Key Tumor-Cell Proliferation Mechanism Identified in Pediatric Bone Cancers


Key Points

  • In normal cell growth, the Hippo pathway works as a dam, regulating cell proliferation.
  • Sox2, a DNA binding protein, allows unregulated cell proliferation in the Hippo pathway in osteosarcomas, allowing the growth of highly aggressive, tumor-forming stem cells.
  • Sox2 also plays a role in other tumors, such as glioblastomas.

A particular molecular pathway permits stem cells in pediatric bone cancers to grow rapidly and aggressively, according to researchers at NYU Langone Medical Center and its Laura and Isaac Perlmutter Cancer Center. These findings were published by Basu-Roy et al in Nature Communications.

Study Background

In normal cell growth, the Hippo pathway (which controls organ size in animals) works as a dam, regulating cell proliferation. Researchers found that the transcription factor of a DNA binding protein called "sex determining region Y box 2," or Sox2, which normally maintains cell self-renewal, releases the floodgates in the Hippo pathway in osteosarcomas and other cancers.
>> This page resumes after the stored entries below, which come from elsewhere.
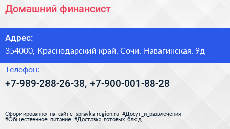 Домашний финансист по адресу 354000, Краснодарский край, Сочи, Навагинская, 9д в дальнейшем Организация, размещена в следующих категориях:
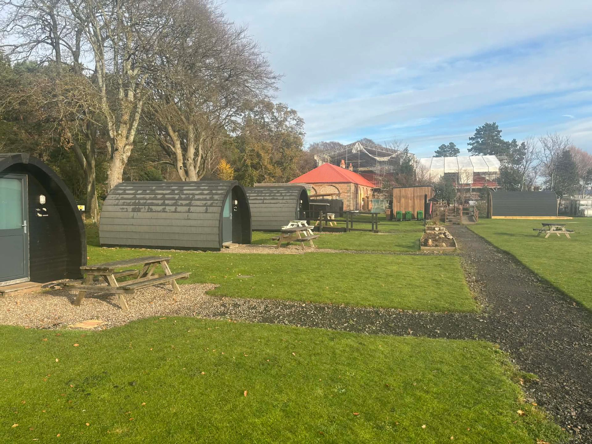 Our Eco-Pods & Tent Pitches are located on our main campsite which is situated on the opposite side of the works entrance far away from the majority of work. Noise levels from the construction here are always very low, especially on the higher numbered tent pitches which are further away from any ongoing work.
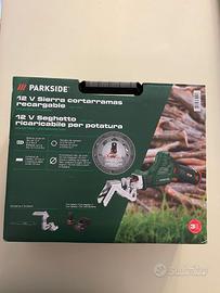 In dotazione: sostegno per ramo, lama HCS, caricabatteria e batteria
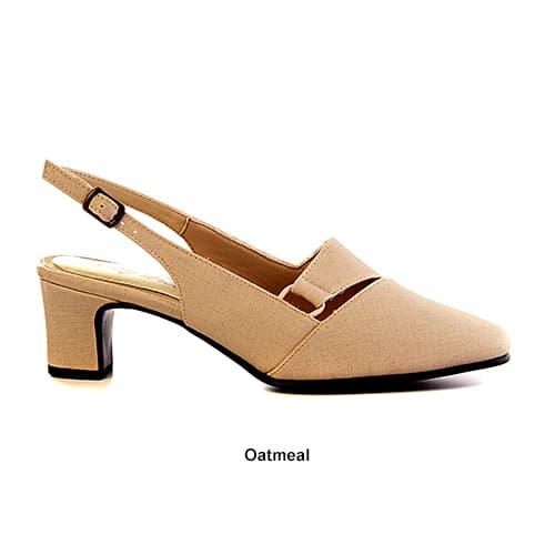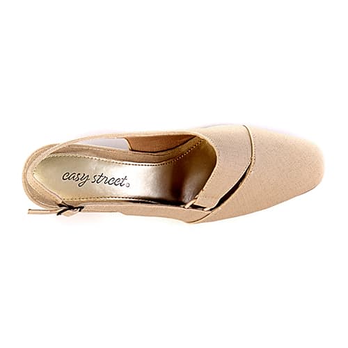 Description Thses Womens Easy Street Choice soft fabric slingback pumps feature faux leather uppers, ankle straps with a decorative buckle detail, cushioned footbeds, a square...
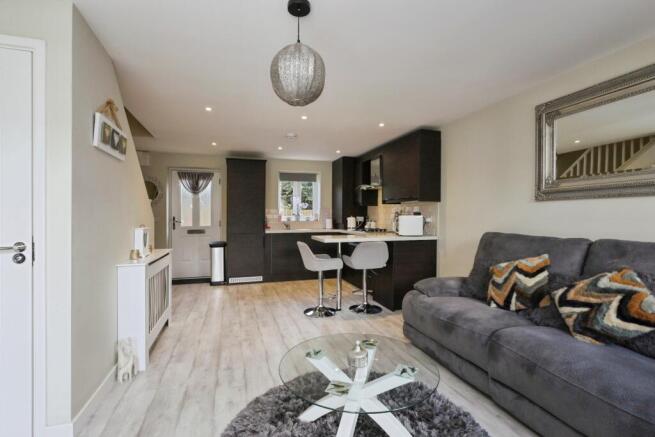 The property opens into the impressive open plan design on the ground floor, measuring approximately 20x14ft and comprising of a high quality fitted kitchen with integrated appliances and living area which enjoys a rear garden outlook and access. The convenient downstairs WC is situated off the living area under the stairs.
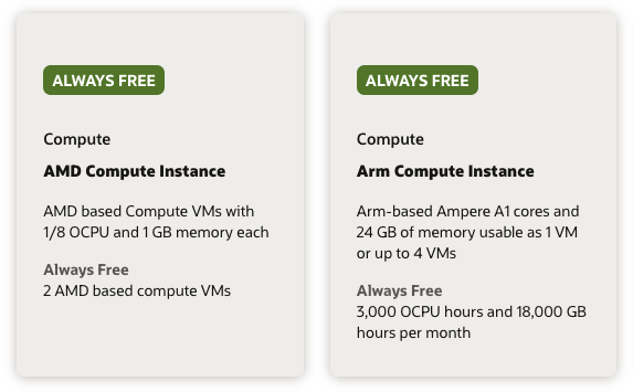 OCI accounts, whether free or paid, have a set of resources that are free of charge in the home region of the tenancy, for the life of the account. Using the Always Free resources, you can provision a virtual machine (VM) instance, the networking, load balancing, and storage resources needed to support the applications that you want to build. With these resources, you can run a small-scale Kubernetes cluster. The search for this solution led me to discover the generous free tier from Oracle Cloud for hosting.
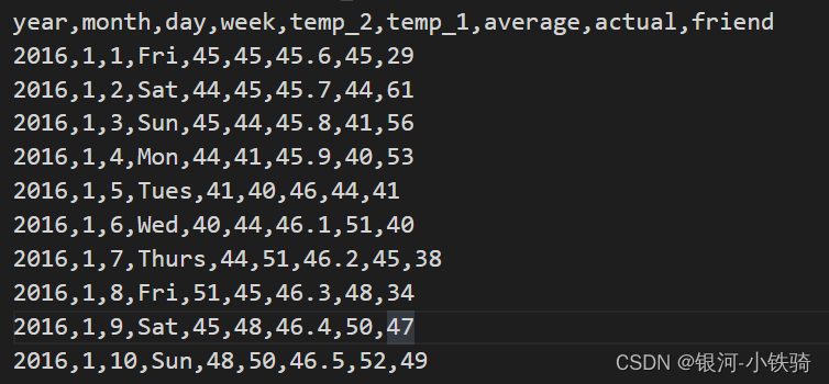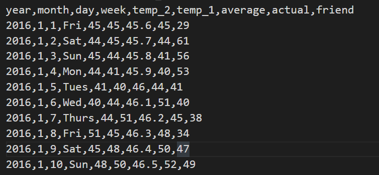 1、csv文件:(部分数据展示) 需要的数据:年-月-日、temp_2(昨天最高气温)、temp_1(金今天最高气温)、average(历年同日最高气温平均值)、actual(今天真实的最高气温)
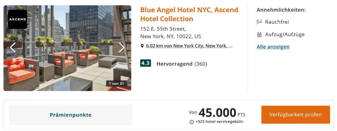 Two exceptions to the 35,000 points rule have already been in place: Hotels in the Asia Pacific Region and Preferred Hotels already had higher maximum prices than most hotels. Now all choice hotels rise above the threshold, as these two hotels in the USA, which are now charging 45,000 points for a reward night:
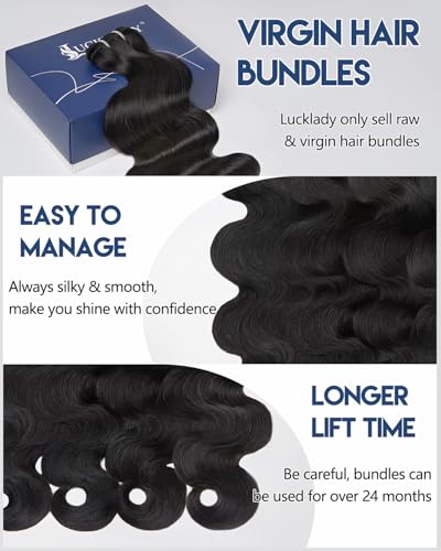 Lucklady 16A Raw Bundles Human Hair Body Wave, 4 Bundles 24 26 28 30 Inch Body Wave Bundles Human Hair, Triple Lifespan Virgin Remy hair
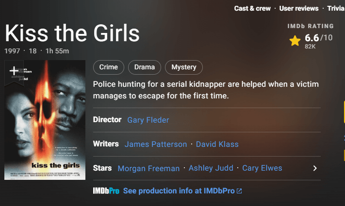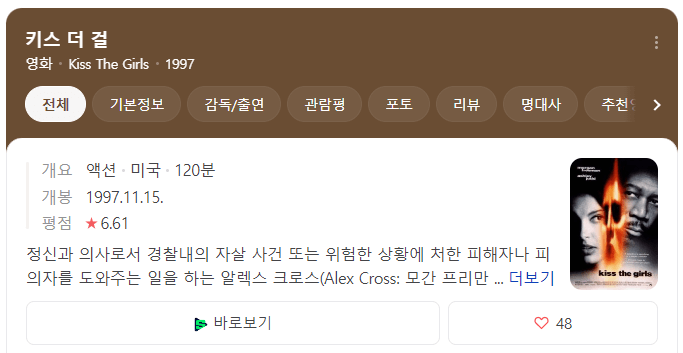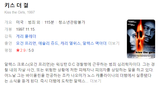 그럼, 오늘은 키스 더 걸(Kiss The Girls) 줄거리, 평점, 후기에 대해서 알아보겠습니다.
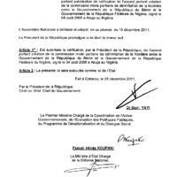 - Loi N° 2011-38 du 28 décembre 2011 portant autorisation de ratification de l’accord portant création de la commission mixte paritaire de délimitation de la frontière entre le Gouvernement de la République du Bénin et le Gouvernement de la République Fédérale du Nigeria, signé le 04 août 2006 à Abuja au Nigéria
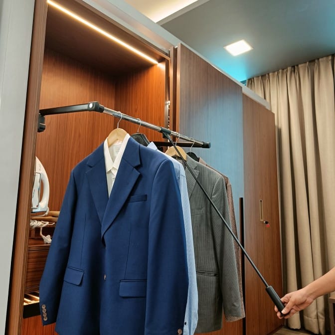 • Lift can be lowered and locked in position to keep or remove clothing.
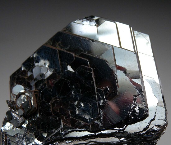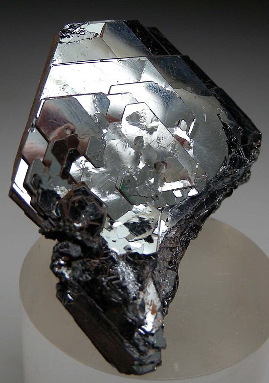 Bright, metallic cluster of Hematite from the Rodrigo Silva district in Brazil. The Hematite occurs as parallel-growth, hexagonal crystals forming what is known as an 'Iron Rose'. The specimen is complete all around with minor edge wear and bright, mirror-lustrous faces on front and back with more matte luster along the edges. This is old stock purchased in Brazil by dealer Steve Perry back in the 1990s.
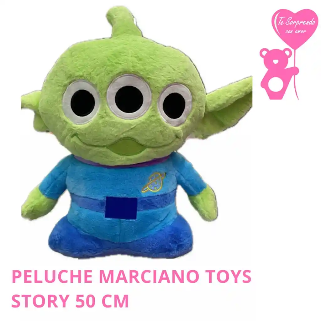 Peluche Marciano Toy Story 50 cm, inspirado en los icónicos alienígenas verdes de la película de Disney Pixar, ideal para fans y coleccionistas. Confeccionado en felpa suave y de excelente calidad, es perfecto para decorar, abrazar o regalar. Su tamaño de 50 cm lo hace especial y llamativo, con detalles auténticos que representan fielmente al personaje.
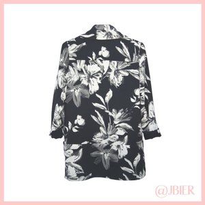 Carolina Belle Floral Print Blazer features embroidered details and a large lapel with rolled sleeves. Style with our Gucci Black Leather Pumps for your next girl boss business meeting. Composed of 100% Polyester. Excellent Condition.
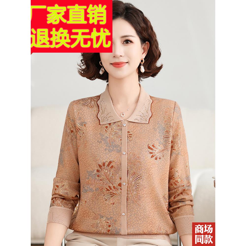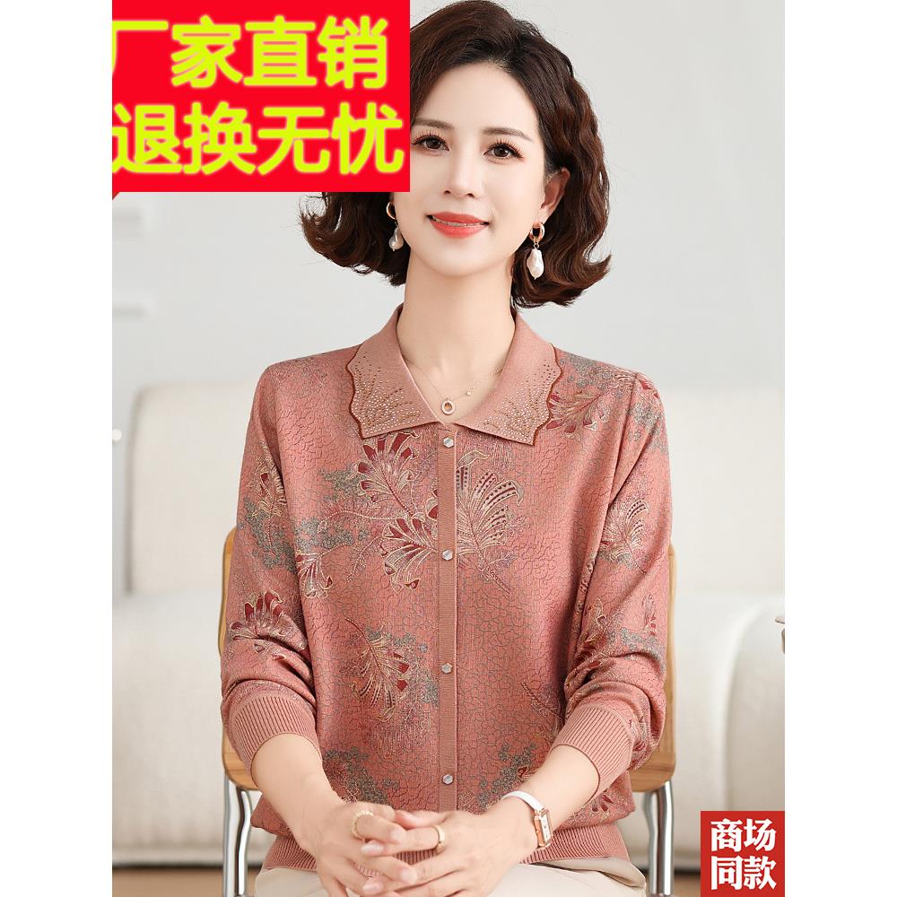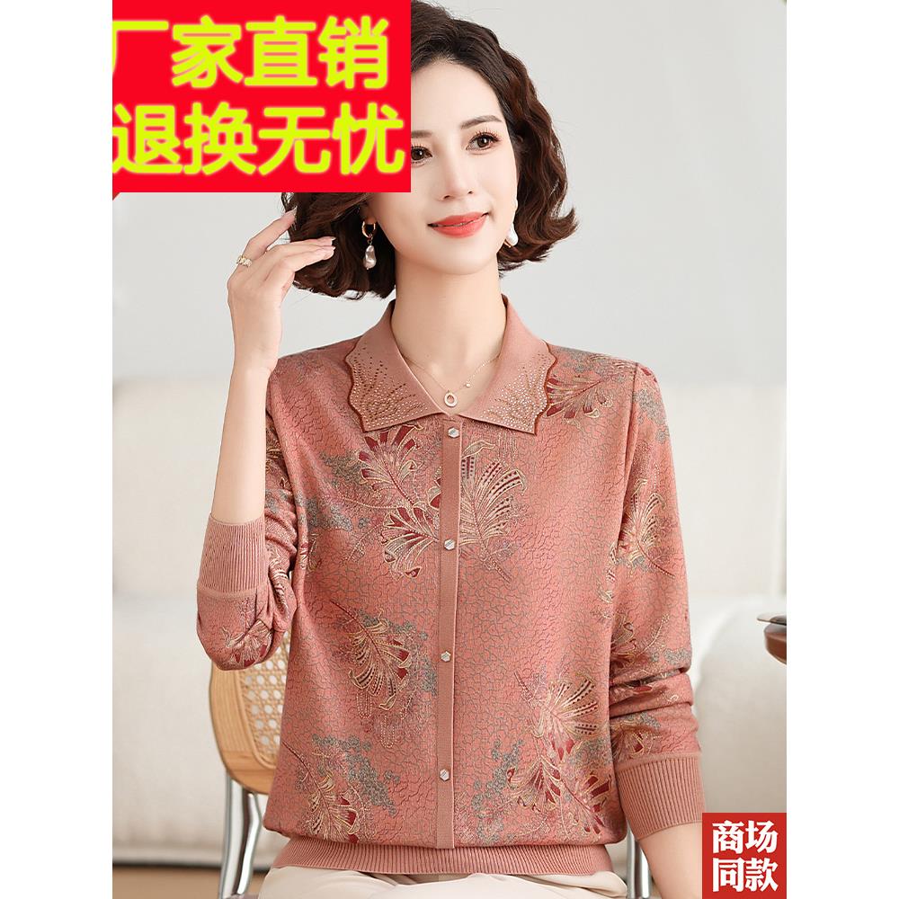 中老年妈妈时尚秋装翻领T恤长袖宽松气质女装针织羊毛衫打底上衣
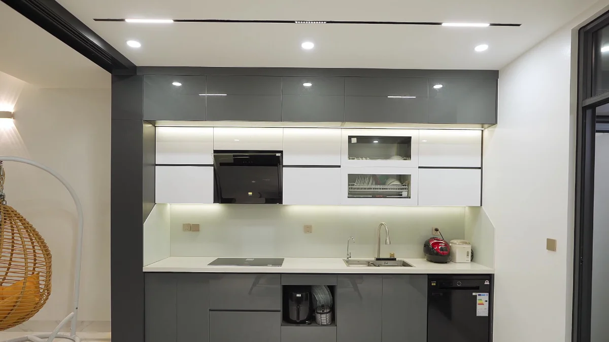 Phòng bếp nhỏ nhắn tối giản nhưng đầu đủ công năng sử dụng.
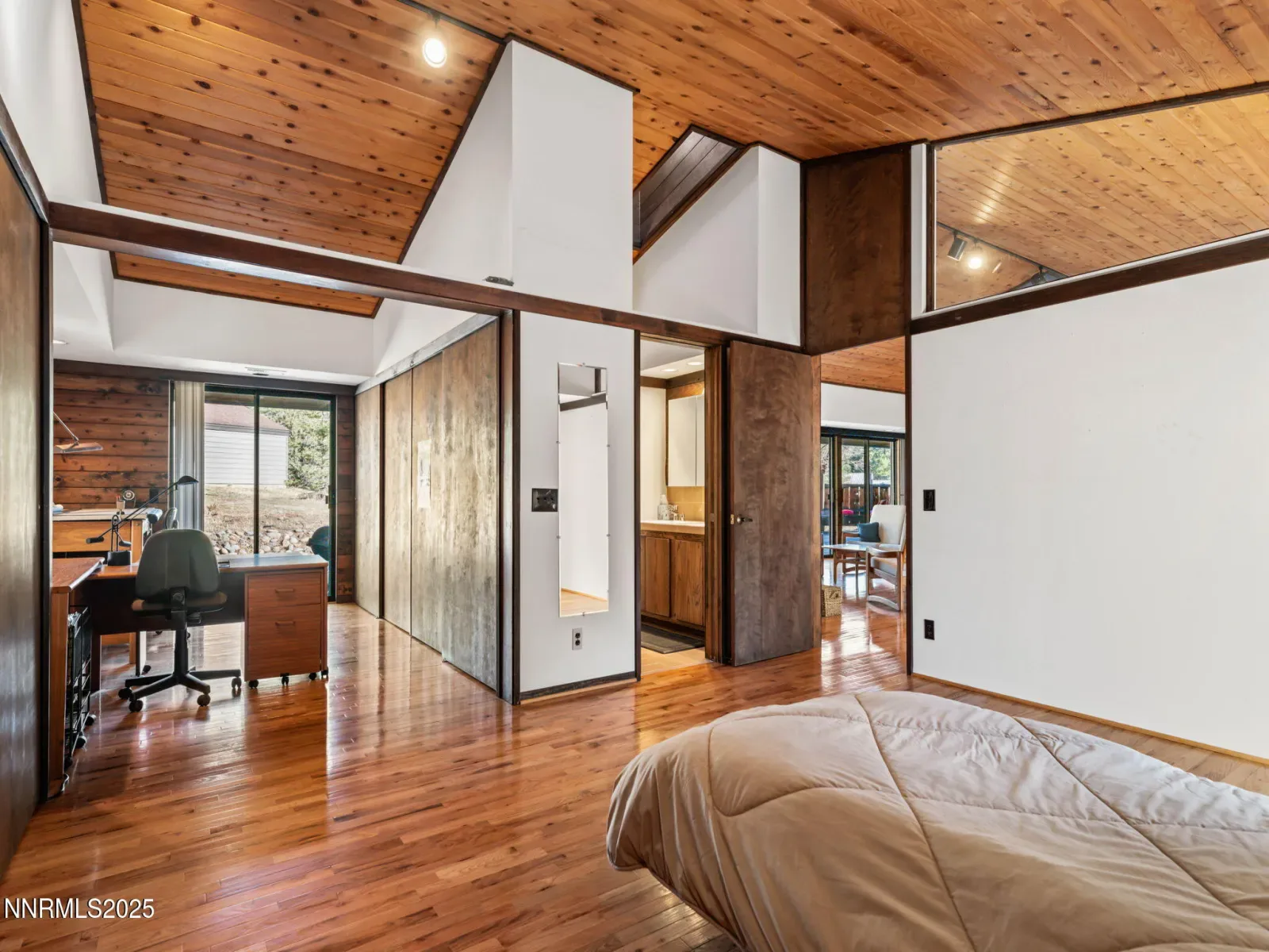 This home was an award-winning architect’s private residence which was personally designed and thoughtfully built for his very own family! Never seen on the market before now, this mountain masterpiece has been enjoyed by several generations of his family. This custom ranch home is in a unique Carson City location that is situated entirely in the Sierra Mountains. Just a few miles up the road from Costco, your special slice of the Sierras feels like an oasis of convenience, privacy and comfort. The five-acre-property is nestled around tall, beautiful pine trees and includes a portion of Clear Creek! The backyard has a huge storage shed with multiple doors to access and store your extra vehicle or toys! The covered gazebo in the back can also house a small boat or jet ski. The exterior landscaping has an automatic drip system in front and back. This home has multiple wooden decks and balconies on which to bask in the sunshine while enjoying distinctly different alpine views, at every angle, at all times of year! Inside this magnificent home you’ll find more storage than you could ever need! And so much of that is hidden storage! What could be better?! Inside boasts a great room with a kitchen/living room combo, fireplace, skylights and high ceilings. Custom-made Shoji window screen treatments adorn the great room’s sliding glass windows. The home has two fireplaces: a large wood-burning fireplace with insert in the great room and a cozy wood stove in the family room. The family room is located along with the two other bedrooms on the opposite side of the house from the primary suite. The family room even has its own kitchenette! So, it is perfect for guests and family to enjoy, or for the frugal minded, one could rent out this part of the house! So many possibilities to sprawl out and enjoy the split floor plan. The kitchen is sure to please every cook! It has a gas stove, dishwasher, and a huge island with extra storage, a pot sink, a bar sink and a built-in breakfast bar with plenty of seating for everyone! There’s also a large formal dining area in the great room with storage cabinets and shelves included. On the opposite side of the kitchen there is another space that was once used as a music room, and private performance area! So fun! The primary suite has a remodeled bathroom with modern shower and fixtures. There are double sinks and plenty of privacy in the primary. The primary suite also includes an additional “room” that could be an office or a nursery or anything your heart desires! The entryway to the home has a large foyer/mud room for convenience and just up from the entry is an exit to the backyard through the sliding glass door located in the part of the home fondly referred to as “The Keyhole”. The home’s oversized two-car garage has a large workshop area. The home offers dual zone heating, AC, and hot water systems – one each for the master area and family rooms. The home is also on its own private well and septic system. There are some stairs from the garage to the inside of the house but if someone needed to avoid steps entirely, they could also enter the house from the backyard as an alternative entrance. So many possibilities to enjoy this home! This home is occupied and requires an appointment to show.

This permits the growth of highly aggressive, tumor-forming stem cells.

“This study is one of the first to identify the mechanisms that underlie how an osteosarcoma cancer stem cell maintains its tumor-initiating properties,” said senior study investigator Claudio Basilico, MD, the Jan T. Vilcek Professor of Molecular Pathogenesis at NYU Langone and a member of its Perlmutter Cancer Center.

Study Details

In the study, the investigators used human and mouse osteosarcomas to pinpoint the molecular mechanisms that inhibit the tumor-suppressive Hippo pathway. The researchers concluded that Sox2 represses the functioning of the Hippo pathway, which, in turn, leads to an increase of the potent growth stimulator Yes-associated protein, known as YAP, permitting cancer cell proliferation.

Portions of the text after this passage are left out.